Between the time I was assigned this book to review and the review actually was finished, Judith Moore, the author, died. My editor wrote and told me. It was so outrageous a concept that at first I thought it couldn’t possibly be true, because you see, since I had read the book and thought about it for so long, she belonged to me. It was like learning that my sister had died by reading it in the newspaper. So I went online to make sure. It was true. Stupidly, horribly true.

Worse, in my review I had said I found her to be a great writer, (which I don’t say often believe you me, I’m not a worshiper at the altar of modern cleverness) but I had urged her to work harder. And now, of course, she can’t. Stupid, stupid, stupid. That is what I think about the deaths I am against.

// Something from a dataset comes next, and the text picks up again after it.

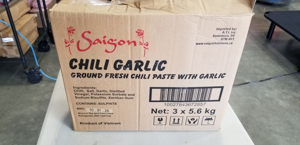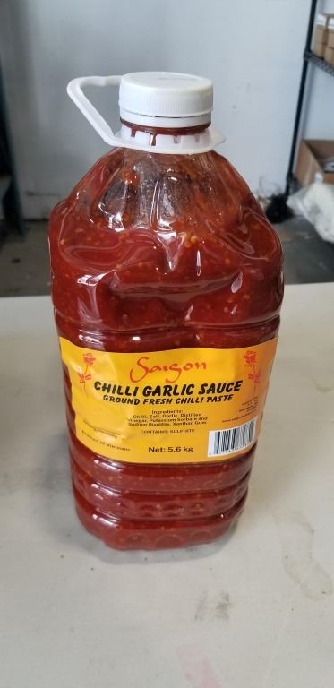 Lot 910 NEW CASE OF SAIGON CHILI GARLIC SAUCE, 3 5.6KG TUBS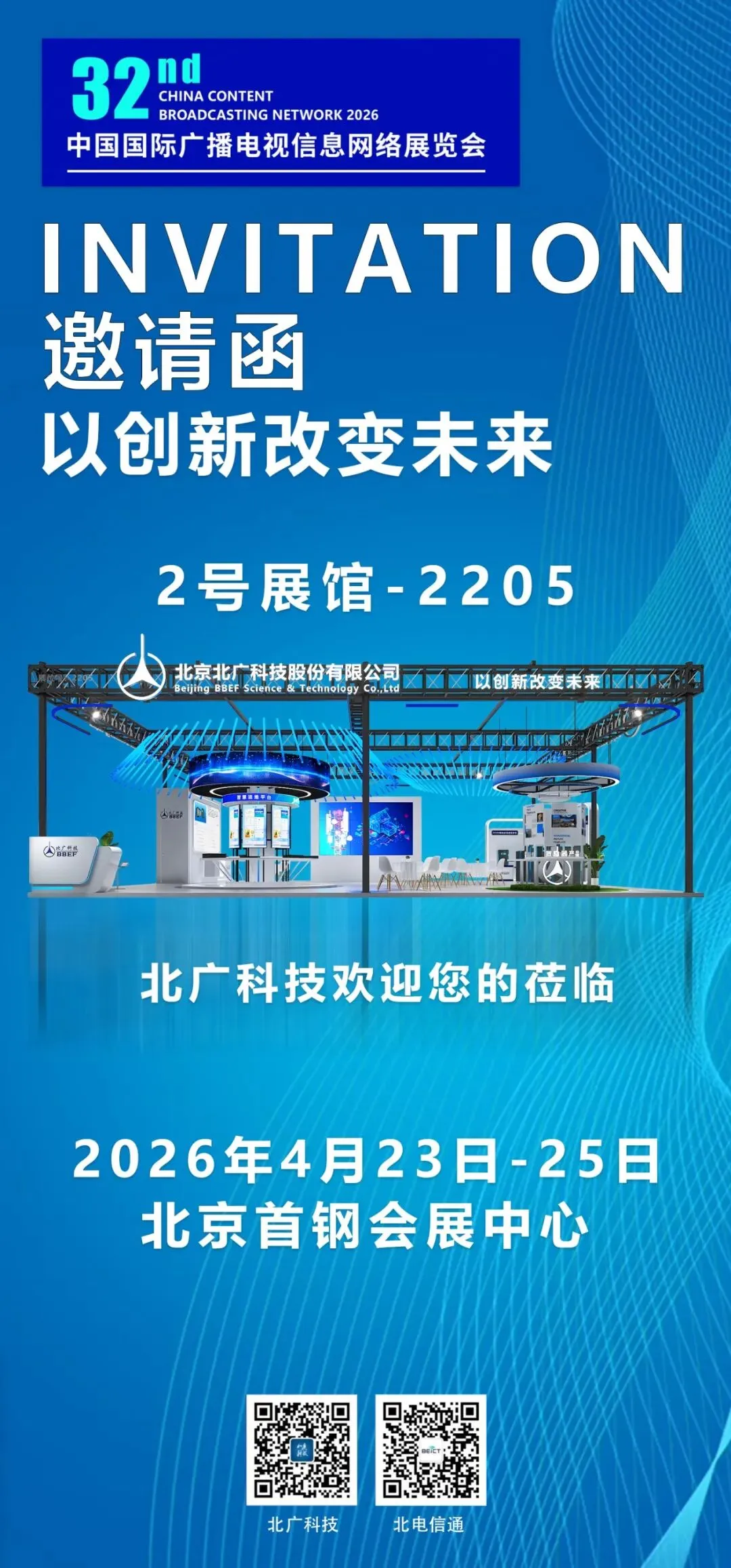 第三十二届中国国际广播电视信息网络展览会(CCBN2026)将于2026年4月23日至25日在北京首钢国际会展中心盛大启幕。北京电子信通科技有限责任公司(简称“北电信通”)旗下北京北广科技股份有限公司(简称“北广科技”),作为一家底蕴深厚的广电设备制造商,2026年将携全线产品矩阵及专业解决方案精彩亮相,与业界同仁共赴“数智创新 引领未来”之约,携手探索前沿趋势,合力开拓无限商机。

The deaths I wish hadn’t happened. They’re stupid.

So, still disbelieving, I went online looking for news of her. While I was there, I ran into many other reviews of Fat Girl, universally laudatory. No-one had implored her to work harder, no-one else had reservations. Everyone else thought the book was perfect. Did I think that too now?

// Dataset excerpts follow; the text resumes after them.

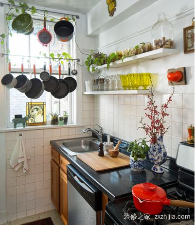 巧妙地利用了墙上的空间,这些厨房用具,不仅是工具,而且变成了装饰,很容易装饰生活!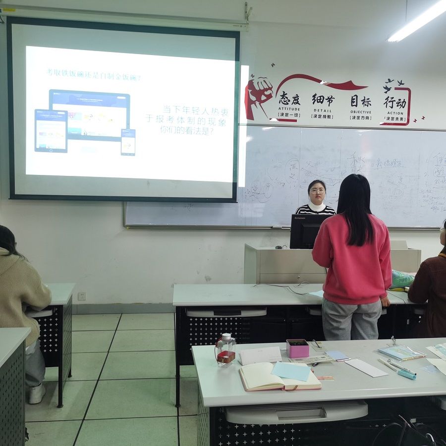 大三辅导员顾清以“我的未来不是梦”为主题召开班会。班会伊始,顾老师将同学们大一时写给未来自己的信分发给大家,引导学生思考三年来的成长与感受;随后邀请了数位以考研、就业、创业、考编等不同方向为目标的同学作分享。班会中,顾老师不时与学生进行交流互动,通过学生“自己说”和辅导员“老师说”,提升学生的主动性,帮助学生在重要的时间节点制定合理的个人规划。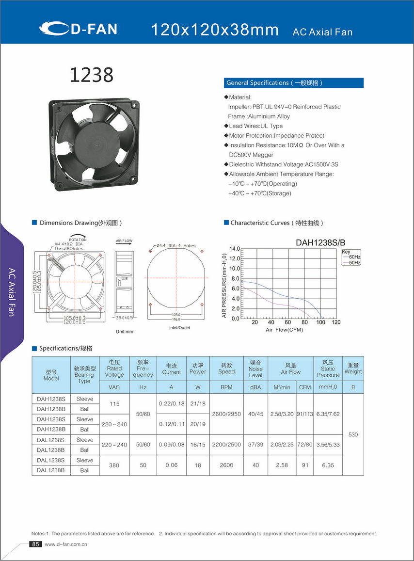 材料: 葉輪:PBT UL 94V-0增強塑料框架鋁合金 導線:UL型 電機保護:阻抗保護 絕緣電阻:1歐姆或以上,帶DC500V高阻表 介電耐壓:AC1500V 3S 允許環(huán)境溫度范圍: -10℃-+70℃(運行) -40℃-+70℃(儲存)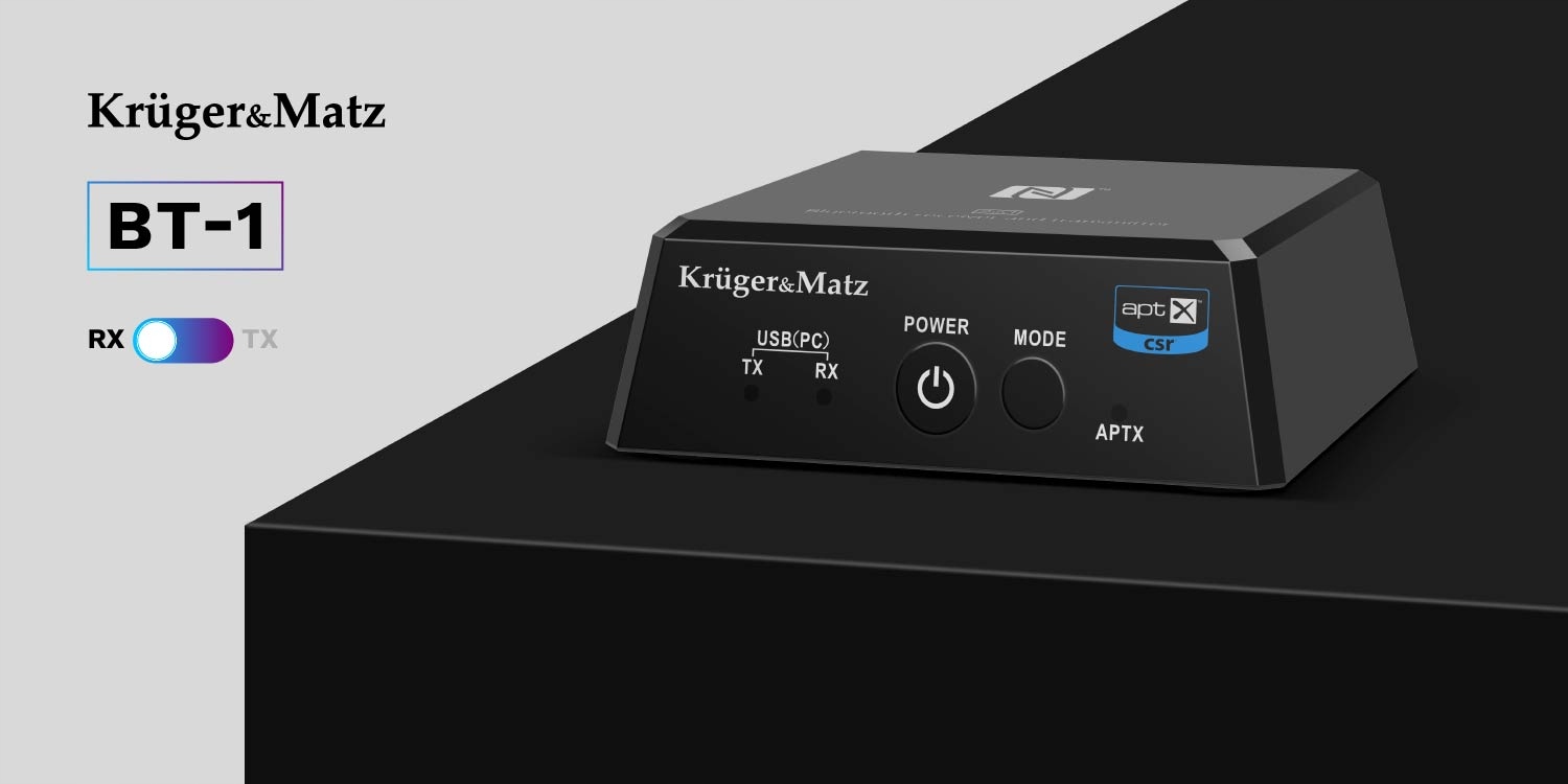 Трансмітер 2-в-1 Kruger&Matz BT-1, тобто передавач і приймач Bluetooth в одному, дозволить вам розширити функціональність вашого старого RTV обладнання з можливістю бездротової передачі аудіосигналів. Незалежно від того, чи хочете ви слухати музику з Інтернету або дивитися фільм, не заважаючи іншим домочадцям - цей непомітний пристрій дасть вам таку можливість!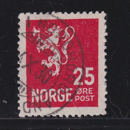 NK 208. Løve III med øks 1937. Utgitt 12-10-1937. Bildestørrelse 21x17mm. 35 øre fiolett. Par.

Let me quote from my review. Or no, forget that, you can just read it. The ending seems, now, unbelievably sad.

Right away you’re allowed to gawk at the car accident aspect of Fat Girl. If you’ve never been fat, you’ve wondered, haven’t you? What it would be like to feel those giant greasy thighs rubbing together as you struggle to move a mountain of flesh up the stairs while awkwardly carrying two bags of GROCERIES to your front door? You’ve wondered why food holds such allure, such sucking pulling force that the fat person can’t stay away. Food as heroin, that sweet release, the ring of a the slot machine, the lovely pull of the cancerous cigarette, the gold swelling hips of your 10,000th prostitute. (See how much I, a person without much addiction to those substances knows about the desperate desire? That’s because I’ve read a lot of addiction stories about the other things but this is the first one that gets to the meat of the story of food, food, food. Food piling on the yellow gushing jiggling disgusting sickening fat blob that is you. Food that smoothly glides down your throat even as your brain yells “no, no” and your hand, hypnotized moves another chip toward your mouth.)

Judith Moore tell us the whole story of being a fat girl. She can write well and she speaks the truth. She starts with some of her adult life. A guy mentions her size as a reason not to have sex with her in a rather shockingly blunt fashion. Then she tells about the childhoods of her parents and moves on to her own childhood. Her pretty, abandoning mother, her fat confused father, a bit of sexual abuse, an ugly uninviting gramma, the insults of the other children, the escape into reading.

I don’t know. The book is such an excellent start on delving into the subject matter, it seems impolite to demand more. And as I am doing so, I am well aware that perhaps the vast majority of readers would demand less. But more is what I want. I want the labored breathing as you get out of the bathtub. I personally would love to read a great writer (Judith—that would be you) describe masturbating while thinking about someone you’re pretty sure would be really grossed out to know that’s what you’re doing. I’d like to hear about food spilled on giant breasts when you‘re out with best friend‘s boyfriend‘s really cute best friend. I could take a lot of children’s mean remarks. All of them really. I want to live inside the experience. In fucking fact, that’s what I want from all my books. All the stuff, all the worst stuff, all the true stuff, all the shame of being human. Why the hell don’t I get that very often. Or even, truthfully, why don’t my own books do that?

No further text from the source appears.